There are quite a few xFlow analyzers out there these days, and I'm constantly reminded of this. But I think there's always room for an alternative approach. After all, that's how software evolves, isn't it?
So, how does xenoeye differ from popular (at least from popular open source) analyzers?
- The analyzer has a feature called "monitoring objects". For some reason, open-source analyzers rarely use this feature, while commercial ones do. The monitoring object can be a subnet, autonomous system, geo-object (data on geo and AS are taken from external databases), application traffic (protocol, TCP/UDP ports, etc.), VLAN, etc. Almost everything in flow records can be used as a filter for a monitoring object. Of course, object filters can be composite - the classic operations AND, OR, NOT are supported. The analyzer contains a tiny virtual machine that matches each flow to an object.
- We don't store all flows. At least for now. It may seem strange, but this is an important feature, especially for large networks. We store aggregated data on monitored objects. The user chooses what to store. It could be just in/out, top talkers, top protocols, etc. The time for which to aggregate data is also specified by the user. Aggregation occurs inside the analyzer. We use a fast trie-based in-memory db. Because of this, the analyzer can process flows quite quickly (hundreds of thousands of FPS per vCPU) and export a measured amount of information to the database. You can easily use even vanilla PostgreSQL. Or ClickHouse with compression. The analyzer is not very resource-intensive; small network traffic can be processed on low-end hardware or in a VM with a small amount of memory. Or you can process large network traffic on a single server, without building clusters. I know of installations with multi-terabit traffic and hundreds of MOs on a single virtual machine (of course they have a high sampling rate on their routers).

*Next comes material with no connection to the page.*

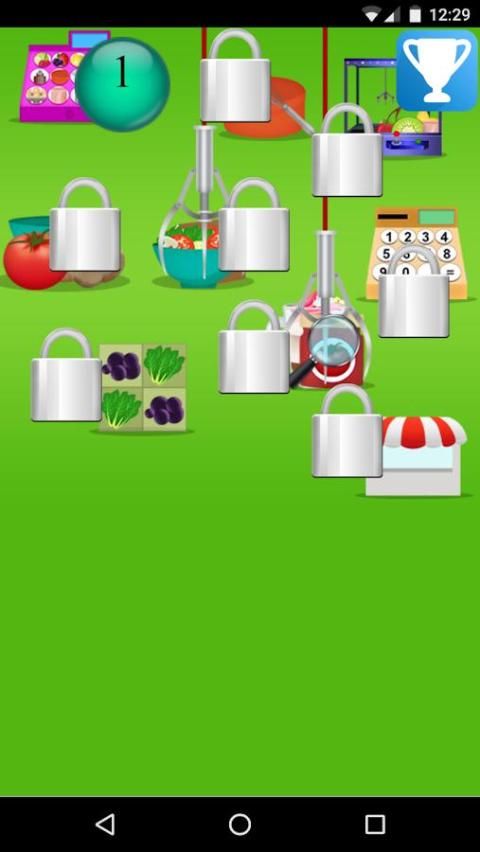levels with different difficulty: take out all the items. hidden items. simple addition math with money payment.

- We can monitor traffic thresholds being exceeded using moving averages. That is, as soon as an excess is detected, an external script is launched at the same second (actually even faster). This feature is typically used to detect volumetric DoS/DDoS attacks. The scripts announce BGP Blackhole or BGP Flowspec and notify users via messenger.
- We don't have our own visualization utility; we use Grafana. Grafana works with PostgreSQL out of the box, although some complex time-series charts require some tinkering with SQL queries. Ok, it's a controversial decision, but users (and we ourselves) are putting up with it for now.
I tried to describe the rest in the documentation.
Yes, this isn't the first time I've tried to announce this project on HN, and I'm under no illusions - for some reason, hackers aren't very fond of this type of software. Perhaps everyone thinks that the production of netflow analyzers is too boring a matter, there is nothing to discuss.
However, if anyone is interested, it would be great to get feedback.
What would you do differently than it was done and why? What do you like most about your favorite analyzer that you can't find anywhere else?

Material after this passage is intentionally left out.